Report the count of lines in the records below that hold the word "tenge", omitting everything but the number.

• _Given data_:
──────────
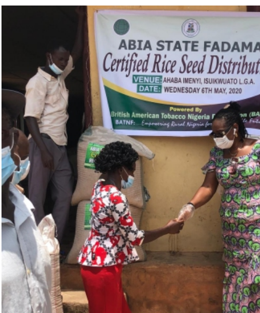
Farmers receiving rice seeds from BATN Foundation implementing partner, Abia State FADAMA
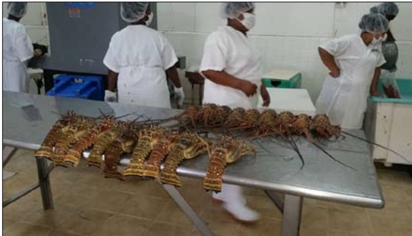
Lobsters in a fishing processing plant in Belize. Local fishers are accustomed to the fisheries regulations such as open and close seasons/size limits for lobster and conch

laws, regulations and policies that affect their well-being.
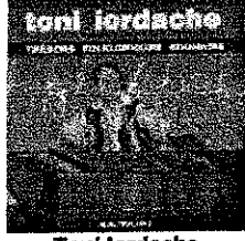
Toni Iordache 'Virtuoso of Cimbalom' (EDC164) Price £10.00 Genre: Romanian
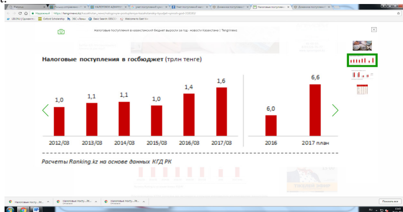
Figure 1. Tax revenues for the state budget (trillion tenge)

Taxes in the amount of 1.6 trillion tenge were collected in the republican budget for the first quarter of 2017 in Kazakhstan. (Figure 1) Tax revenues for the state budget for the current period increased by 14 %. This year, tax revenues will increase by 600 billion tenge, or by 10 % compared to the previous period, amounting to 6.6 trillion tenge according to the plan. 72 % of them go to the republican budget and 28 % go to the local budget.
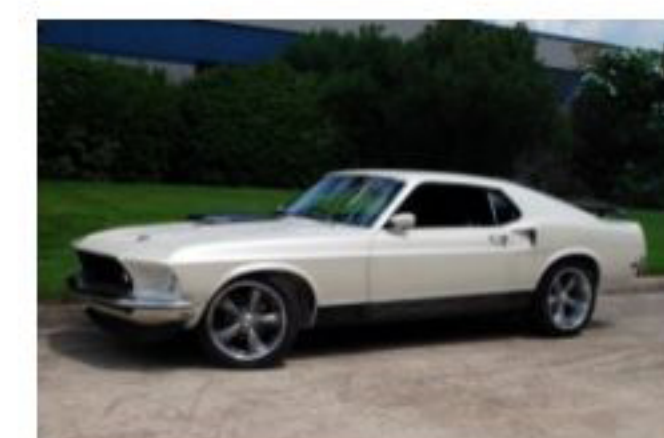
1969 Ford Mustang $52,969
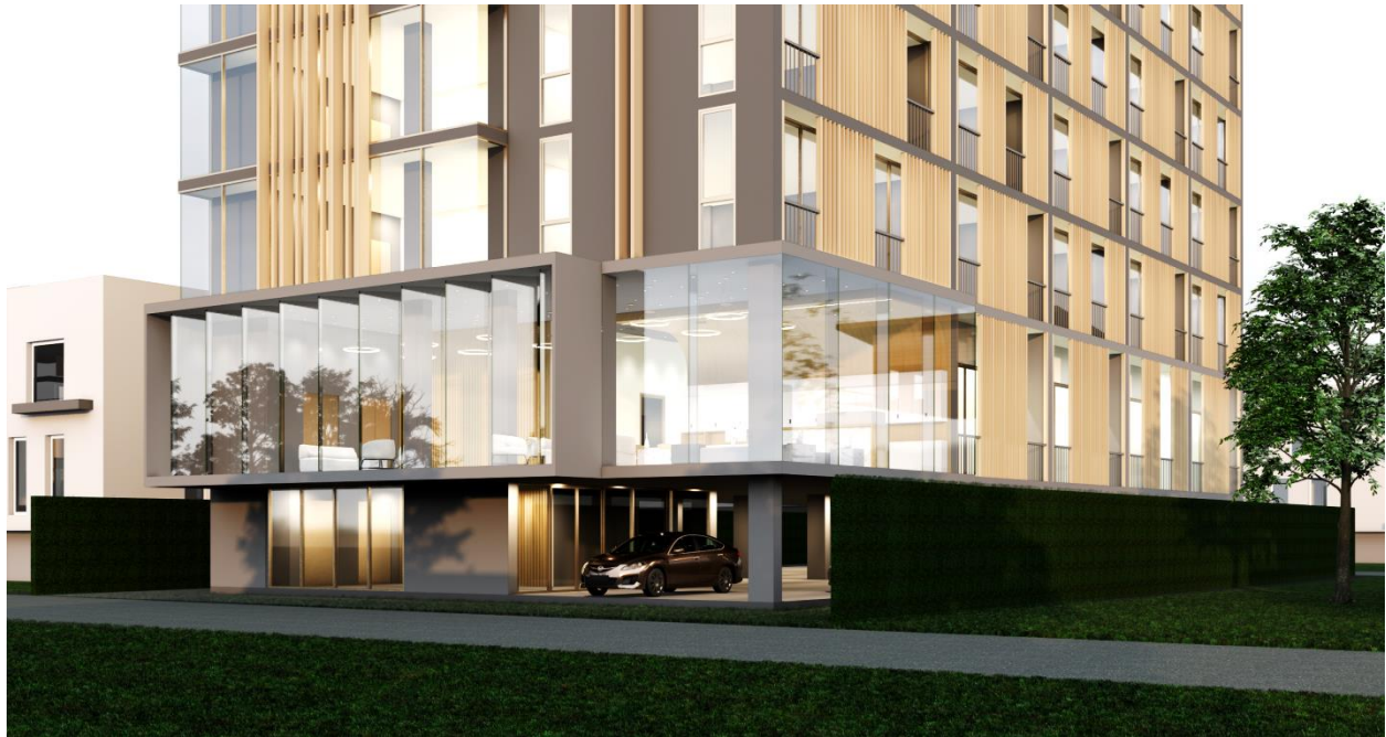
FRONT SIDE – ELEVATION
──────────
• _Written solution_: 2